Brahms once claimed that he slept with the score of his Alto Rhapsody under his pillow. Whether this was true is doubtful, but there is little doubt that the work is his most forceful reflection on his own scarred emotional life - a sequence of platonic attachments to idealised women interspersed with encounters with prostitutes.
A bitter study of alienation, the Rhapsody has often been compared to Schubert's Winterreise, with which it shares some of its imagery as a solitary male figure stumbles through a denuded winter landscape that mirrors his anguish. But the tone is different. While Schubert's narrator is protagonist, Brahms's alto is commentator, and tragedy slides towards ambivalent optimism as she pleads with God that the hero might find some eventual solace.
Performances are rare. Assembling the requisite forces is tricky - it runs for only 15 minutes, but the alto is supported by a male chorus singing music of great difficulty. But Charles Mackerras and the Scottish Chamber Orchestra chose it as the centrepiece of their end-of-season concert.
Mackerras's soloist was Marjana Lipovsek, a thrilling, if at times erratic, vocal actor, who intoned both text and music with furious intensity, plumbing depths of tragedy without becoming sentimental.

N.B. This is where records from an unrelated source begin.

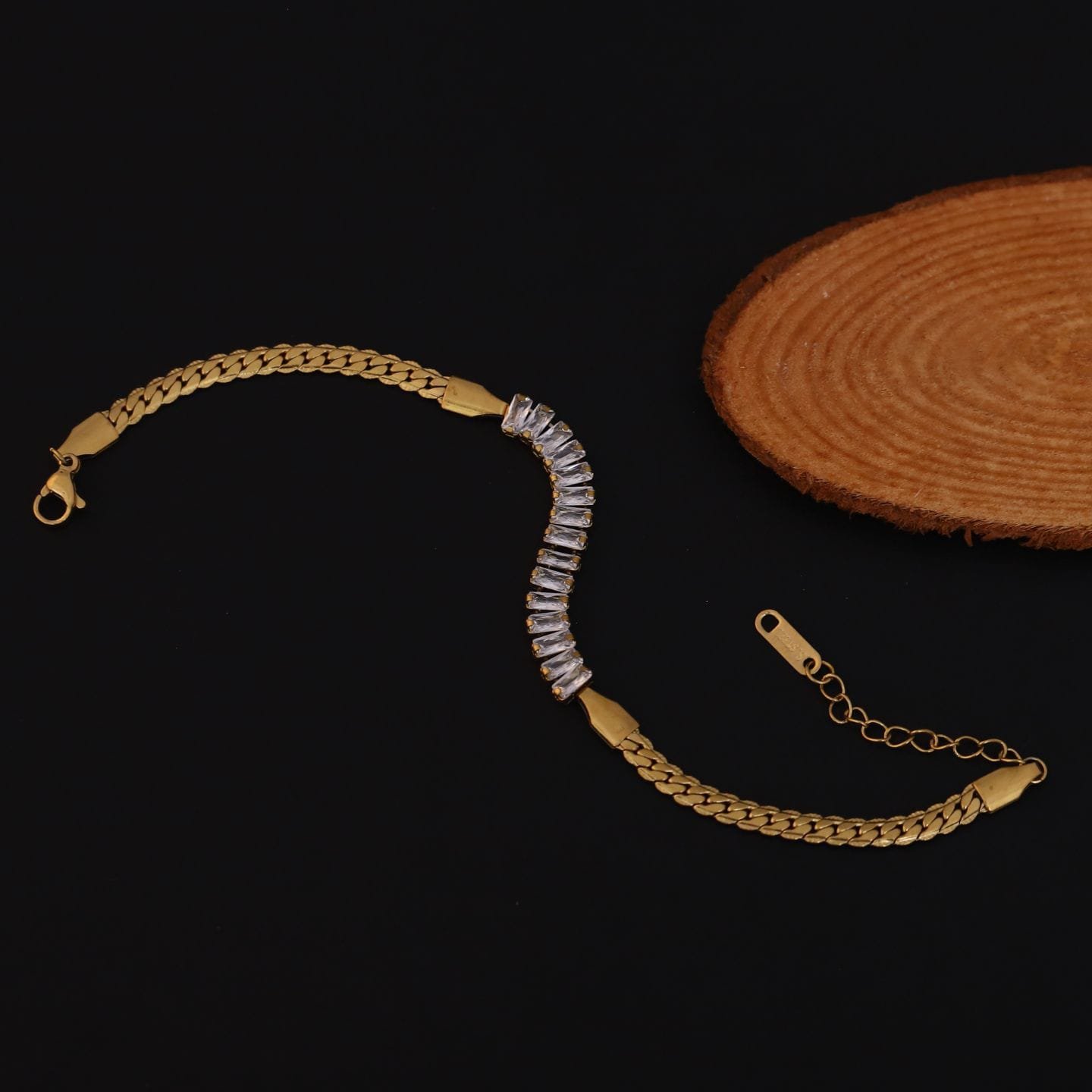 Indulge in the sophistication of the chic gold-plated bracelet, crafted to deliver both style and versatility. This stunning piece features a meticulous arrangement of baguette-cut zirconia stones that gleam brilliantly with every movement. Its chic design ensures a perfect balance of luxury and subtle glamour, making it the ideal accessory to elevate your look, whether casual or formal.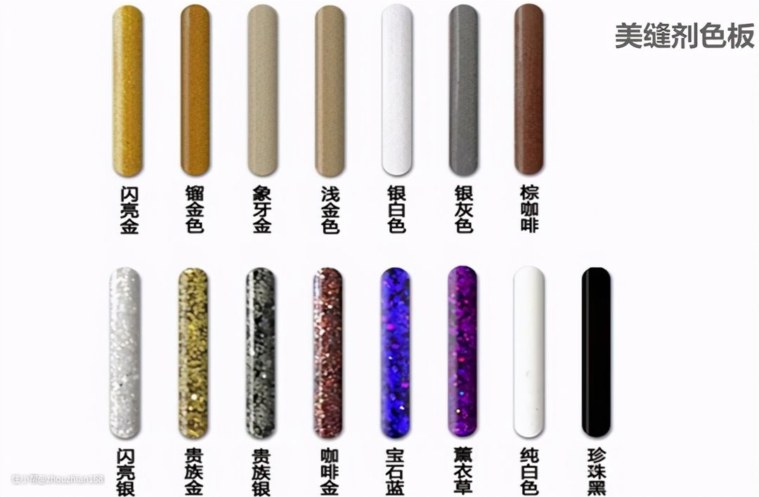 3、美缝剂:瓷砖填缝剂的升级产品,更具装饰性和实用性,色彩丰富,具有光泽,更加自然细腻。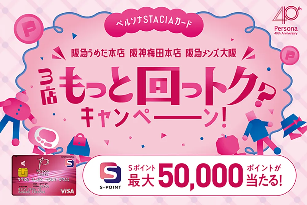 期間中、阪急うめだ本店・阪神梅田本店・阪急メンズ大阪を買い回りして、ペルソナSTACIAカードのクレジット払いで合計30,000円(税込)以上ご利用いただくと、抽選でSポイントをプレゼント!(エントリー不要) 一部対象外の売場やお支払い方法がございます。詳しくは注意事項をご確認ください。 |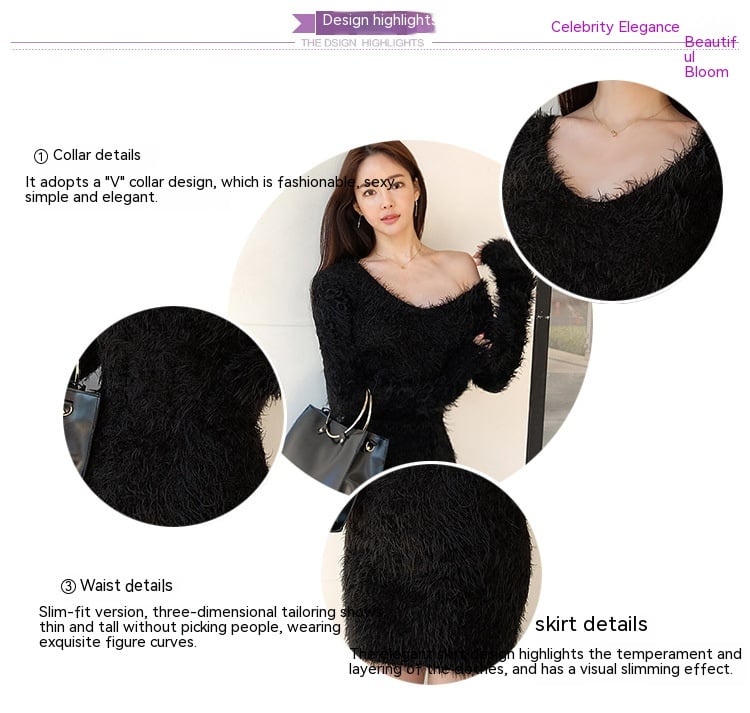 Embrace the cozy elegance of the season with our Autumn and Winter V-neck Thickening Keep Warm Elastic Sweater Base Dress. Designed for the modern woman, this versatile piece effortlessly combines style and comfort, making it the perfect addition to your wardrobe.

Mackerras underpinned her declamation with austere tremolos and churning strings. Using the small SCO Chorus in place of the massed male voice choirs that some conductors favour spoke volumes in the final sections, in which Lipovsek's prayer, growing more urgent with each repetition, was echoed by the choir rather than swamped by it. The whole was a harrowing experience, second to none in sheer power.

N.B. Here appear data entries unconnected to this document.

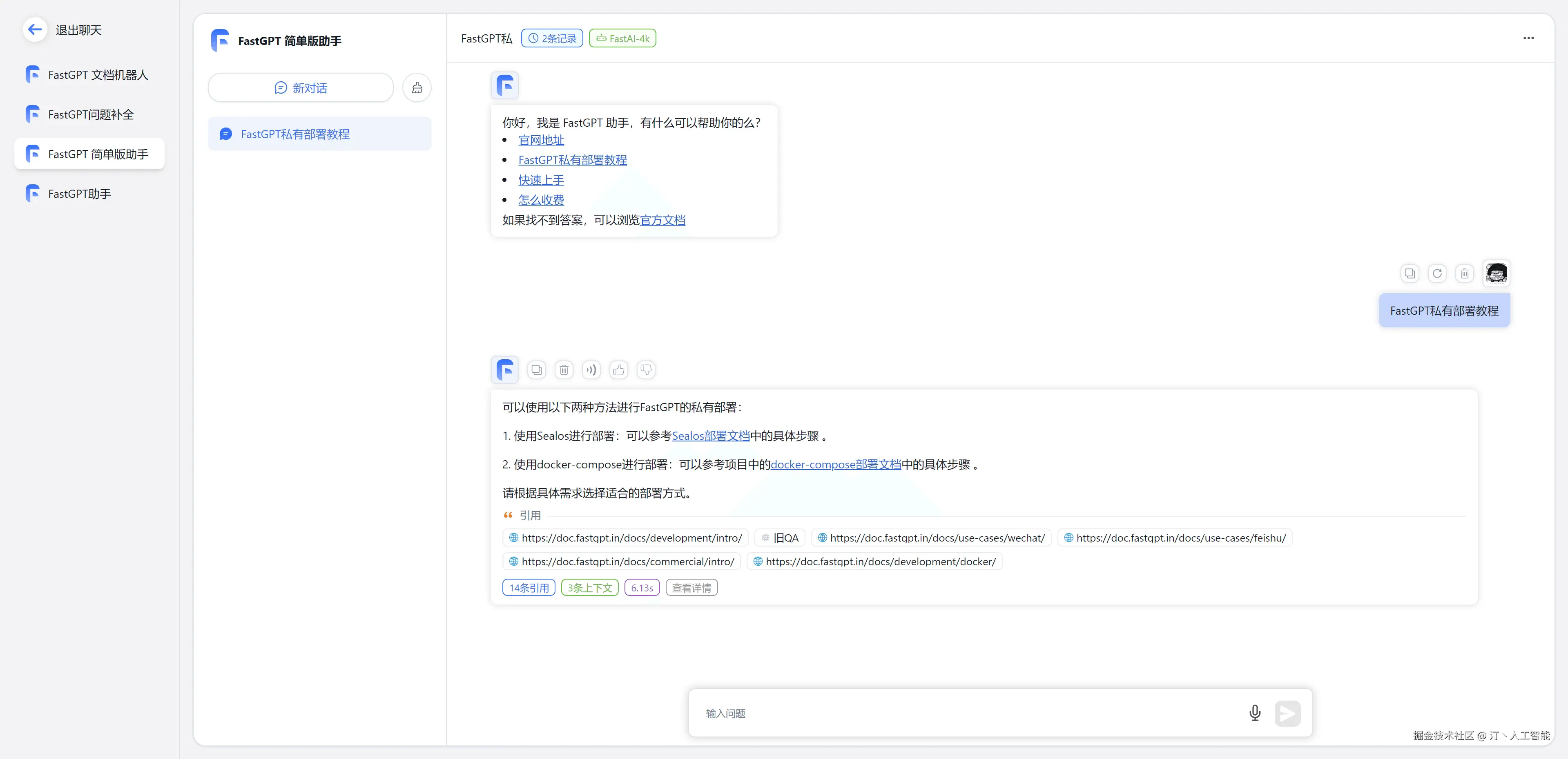 - 聊天中会提供所引用的相应文档内容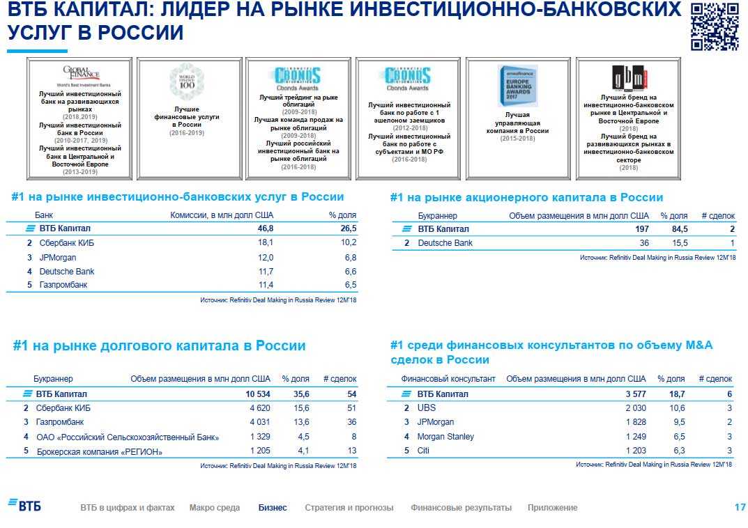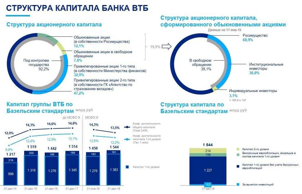 Общая доля государства в уставном капитале превышает 92%. Сегодня ВТБ занимает второе место среди банков России по размеру активов и выданным кредитам. У брокерской компании третье место по числу активных клиентов на Московской бирже и второе на Санкт-Петербургской.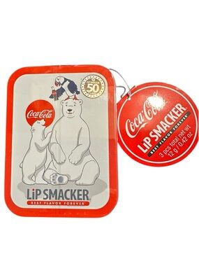Lip Smacker Coca-Cola 3-Piece Lip Balm Set housed in a collector's tin. The tin features the iconic Coca-Cola polar bears and a puffin, celebrating the brand's 50th anniversary.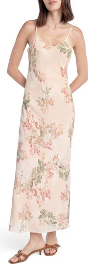 A nostalgic floral motif sets the tone for this georgette maxi slipdress, bringing soft color and vintage romance to the languid silhouette. Designed with a scoop neckline and adjustable straps, it's a perfect choice for weddings, dates and garden parties.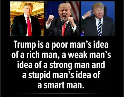 President Trump is not even a businessman. At best, he’s a salesman in the tradition of a sideshow barker or the stereotypical “used car salesman”. His only product is Donald Trump. He will latch on to any hair-brained scheme or wild conspiracy theory that he believes will make him the center of attention. There’s an Internet meme that explains Trump well.[9]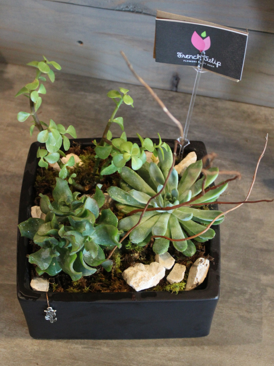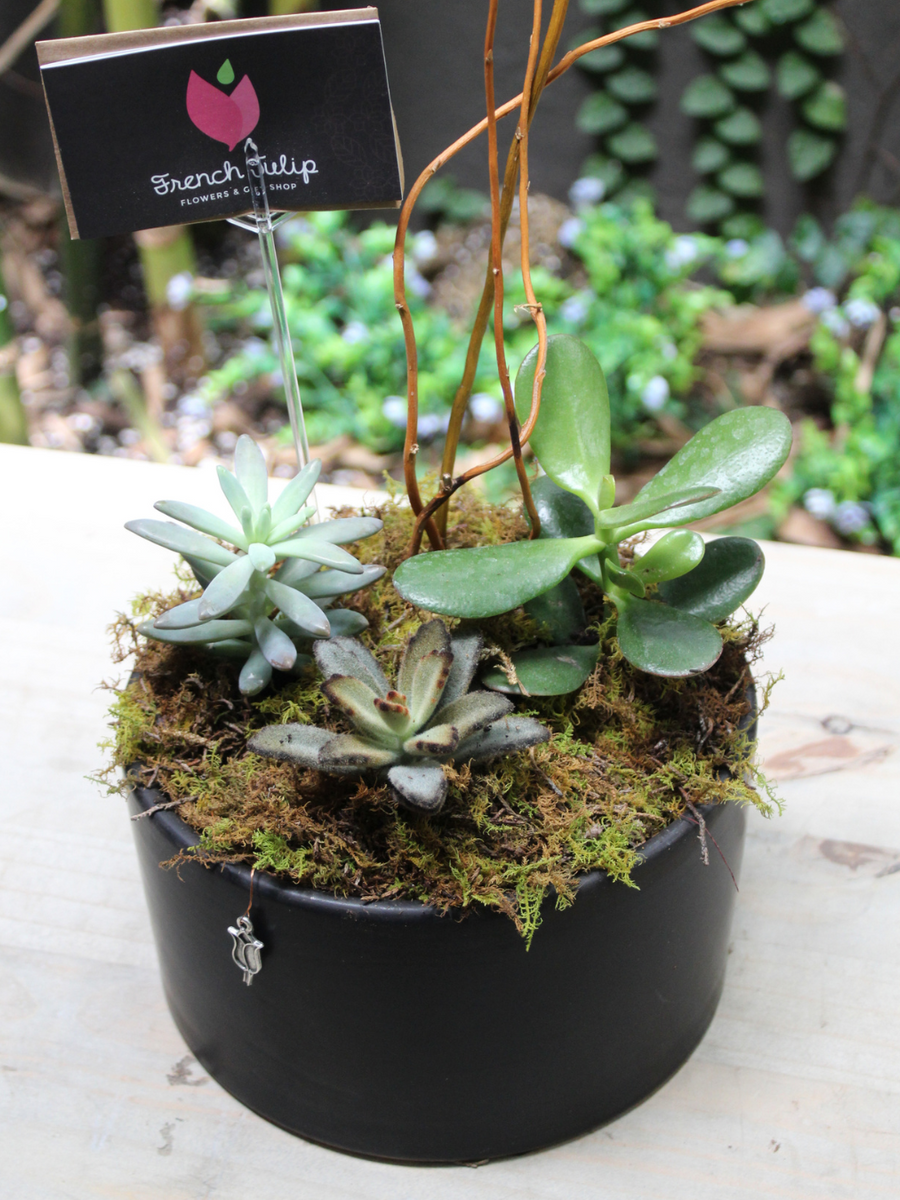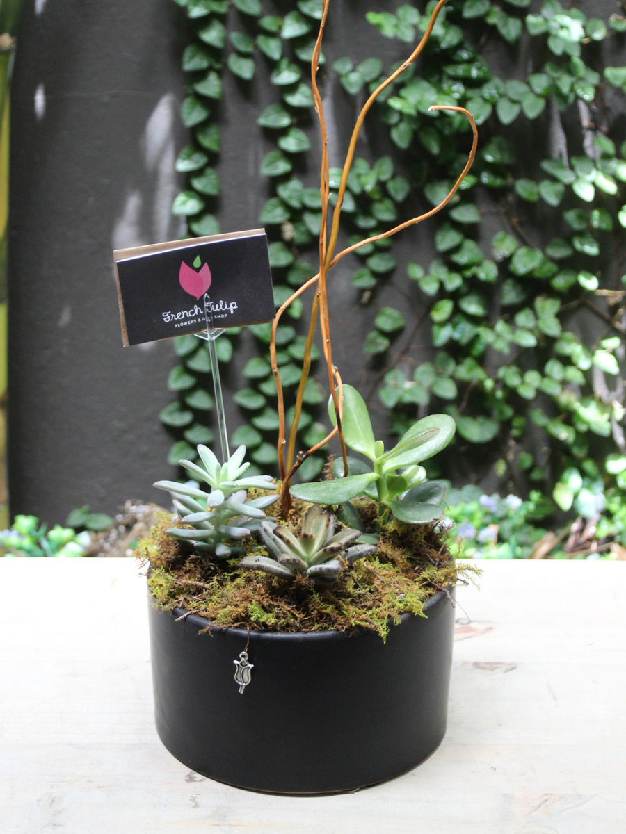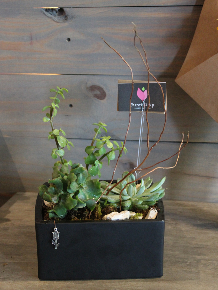 This elegant Plants Arrangement in a ceramic black vase is perfect for a long-lasting gift. With low-maintenance plants and succulents, it's a thoughtful and sophisticated choice. Each arrangement is unique and may vary in plant selection. Upgrade your home or surprise a loved one with this exquisite base.

Mackerras prefaced the work with the Variations on the St Anthony Chorale, in which he exposed layers of extraordinary counterpoint as the famous theme, once attributed to Haydn, is first deconstructed and then resurrected. This was followed by the First Symphony, immaculately judged in its progression from tragedy to elation. Mackerras's understanding of the relationship between feeling and form in Brahms's music was matchless. A truly great concert.